Современная лингвистика теперь устанавливает
фонетическое и морфологическое строение — своего рода анатомию и
физиологию языков. Как химия строит закономерные ряды кислот и солей,
спиртов и углеводов, заранее зная уже по месту, занимаемому ими в этих
рядах, какими свойствами должно обладать то или другое вещество, так и
лингвистика теперь конструирует ряды падежных и глагольных форм,
словообразований и словоизменений индоевропейских (а также и других —
кавказских, финских, турецких, семитических, негрских и так далее)
языков.
Мы отличаем теперь особенности словопроизводства или
спряжений, весь строй любого индоевропейского языка, отличие финских
или славянских форм от латинских так же определенно, как зоолог отличает
скелет млекопитающих от скелета птиц или рыб.

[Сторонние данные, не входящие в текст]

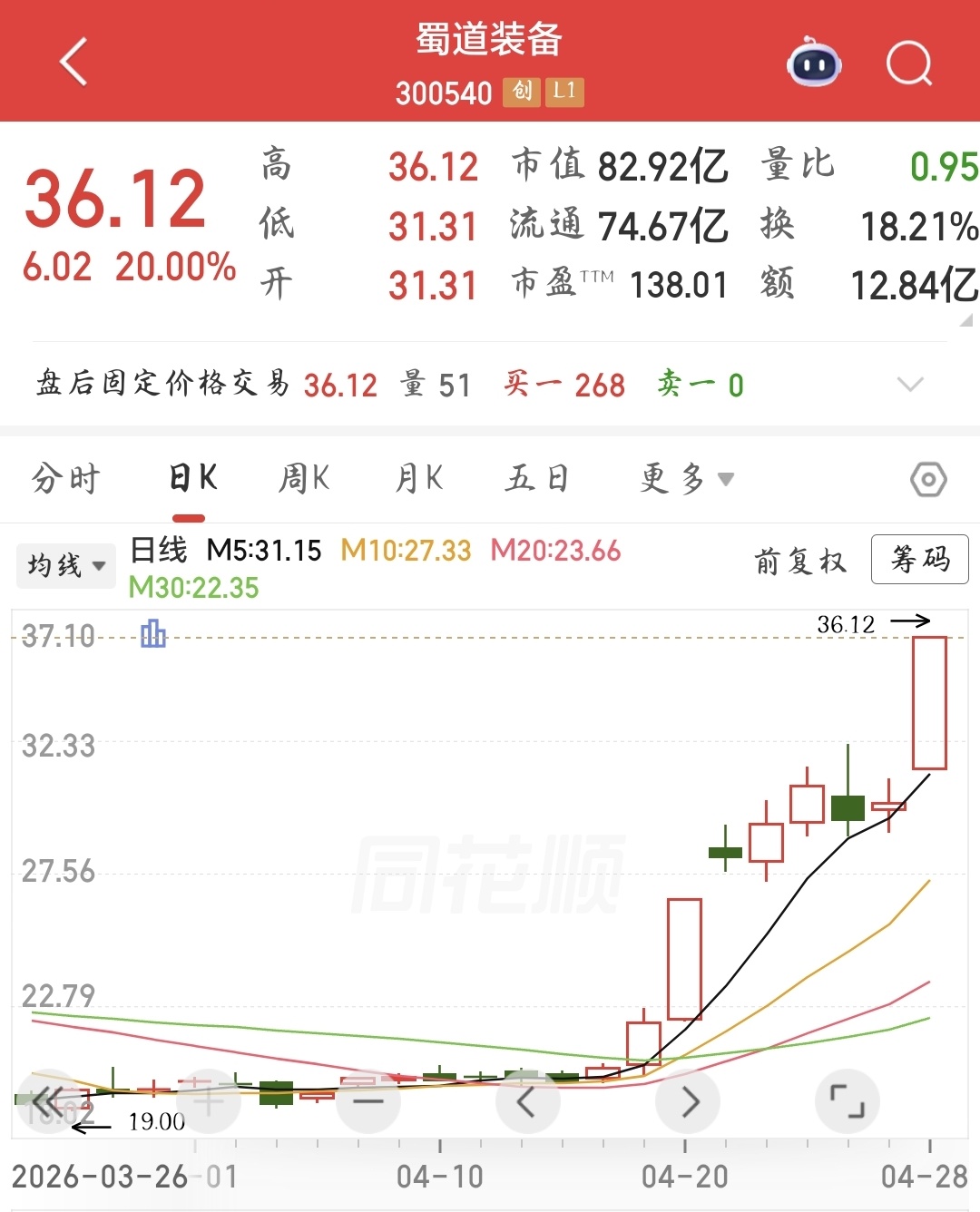 蜀道装备的强势就与其提氦技术密不可分。近日,蜀道装备在内蒙古鄂托克前旗投资建设的LNG-BOG提氦项目,通过天津国际油气交易中心成功完成首次高纯氦气网上竞价销售。公司称,其自主研发投建SDHE-I撬装式提氦装置,从LNG闪蒸气(BOG)中高效提取氦气,总体技术国内领先、能耗指标国际先进。截至收盘,蜀道装备股价达到36.12元/股,4月以来股价涨幅达82.52%。

Благодаря этому можно точно относить языки в определенные группы или подгруппы, то есть определять степени их родства.
Лев, тигр, пантера принадлежат к семейству кошачьих.
На первый взгляд кажется, что кошке не место среди этих могучих
хищников. Но анатомия доказывает, что строение кошки такое же, как и у
них, и что эти гордые звери правильно носят фамилию кошачьих. Напротив,
кит, хотя и живет в море и назывался в старину «рыба-кит», вовсе не
принадлежит к классу рыб, а относится к более высокому классу
млекопитающих.
Нечто подобное оказалось и с языками. Афганский,
хотя и ближайший сосед индийских языков, является иранским. Армянский,
который раньше считался одним из кавказских языков, оказался по своей
основной структуре индоевропейским. Сначала его отнесли тоже к иранской
группе, но теперь признано, что он представляет особую ветвь восточных
индоевропейских языков.
Даже языки, давно вымершие и оставившие лишь жалкие
следы в виде отдельных слов или даже только собственных имен, случайно
сохранившихся в письменности соседних народов или в коротких надгробных
надписях, могут быть определены, как зоолог умеет определить по одной
кости, какому виду животного она принадлежит, даже если это кость
ископаемая и порода давно вымершая. Так, удалось установить, что язык
скифов, населявших наше Причерноморье две-две с половиной тысячи лет
назад, являлся иранским языком. Осетинский я зык, который долго считался
одним из кавказских, оказался потомком скифского.
Особенно блистательно проявила себя сравнительная
грамматика, когда приходилось иметь дело с текстами неизвестного языка,
например, при расшифровке древнеперсидской клинописи. Тут дело казалось
безнадежным, так как даже значение клинописных знаков было неизвестно.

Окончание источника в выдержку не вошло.